Exercise requirements:
Exactly the lines from the one containing "Gola sada s" through the end of the listing below are required, restated word for word and without pictures.

Provided data:
= = = =

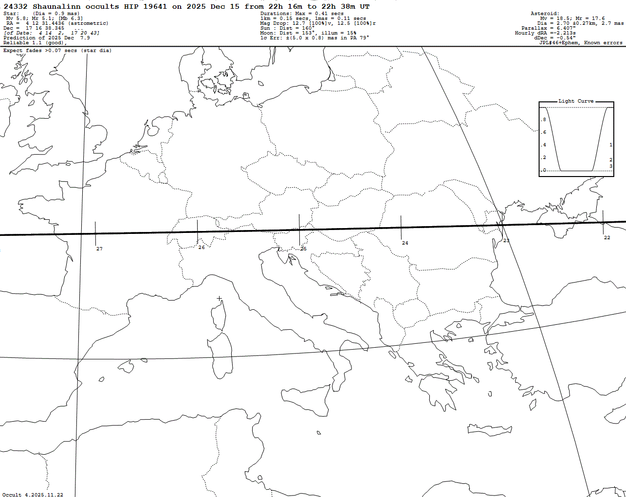 Bright star! Short max. duration of only 0.41 s! Last update: 2025 Dec 07, Occult Watcher Cloud: https://cloud.occultwatcher.net/event/1809-24332-59857-649090-H19641 Post navigation 2025 Dec 10 ~01:38 UT: (9318) 1988 RG9 occults UCAC4 550-021348 (8.9 mag) 2025 Dec 15 ~17:06 UT: (200) Dynamene occults UCAC4 607-036518 (13.2 mag)
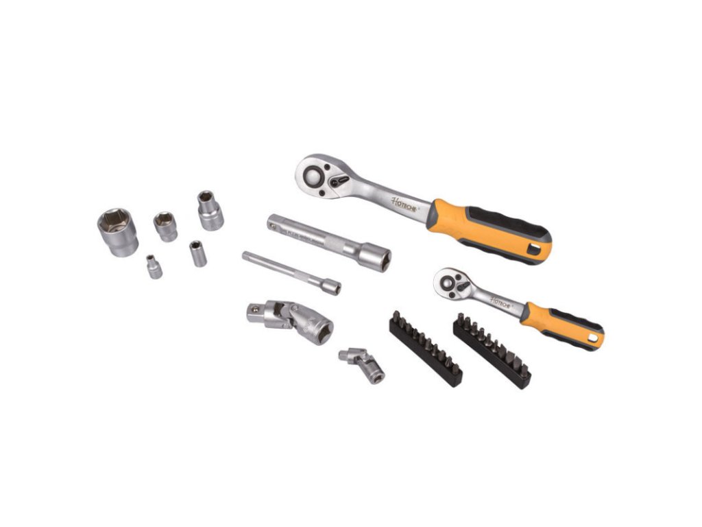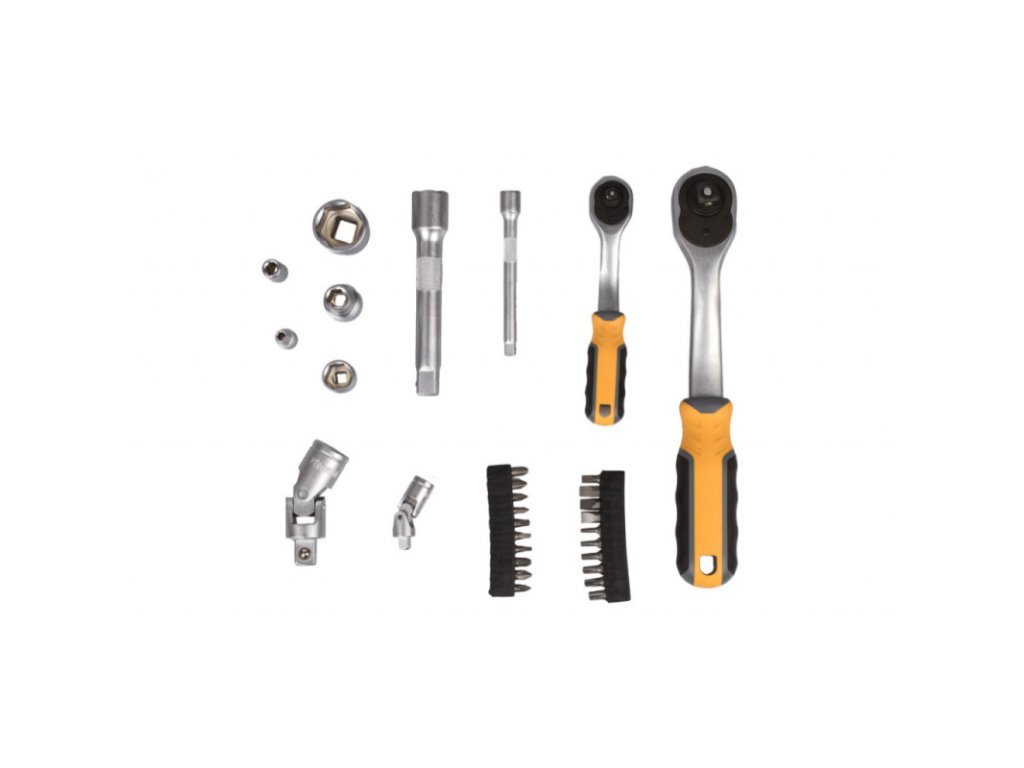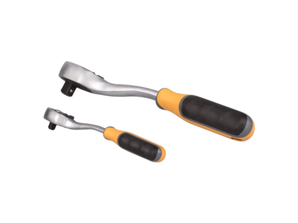Gola sada s ráčnou 1/2" a 1/4" v praktickém plastovém držáku, díky kterému sadu snadno přenesete nebo zavěsíte v garáži, dílně, apod. Díky ergonomickému tvaru rukojeti padnou ráčny dobře do ruky a docílíte tak pevnějšího úchopu. Rukojeť je navíc vyrobena z protiskluzových materiálů (kombinace plastu a gumy).
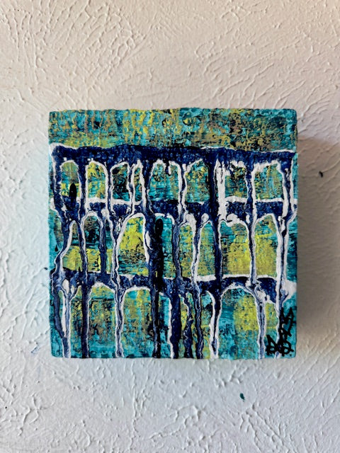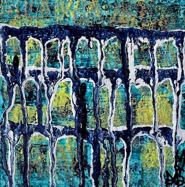 This small but powerful abstract painting glows with turquoise, navy, and bright green tones, accented by flowing white drips that create movement and depth. Infused with amethyst, it carries calming, protective energy that encourages clarity, peace, and spiritual strength.

= = = =

Reply to the exercise:
Gola sada s ráčnou 1/2" a 1/4" v praktickém plastovém držáku, díky kterému sadu snadno přenesete nebo zavěsíte v garáži, dílně, apod. Díky ergonomickému tvaru rukojeti padnou ráčny dobře do ruky a docílíte tak pevnějšího úchopu. Rukojeť je navíc vyrobena z protiskluzových materiálů (kombinace plastu a gumy).
 This small but powerful abstract painting glows with turquoise, navy, and bright green tones, accented by flowing white drips that create movement and depth. Infused with amethyst, it carries calming, protective energy that encourages clarity, peace, and spiritual strength.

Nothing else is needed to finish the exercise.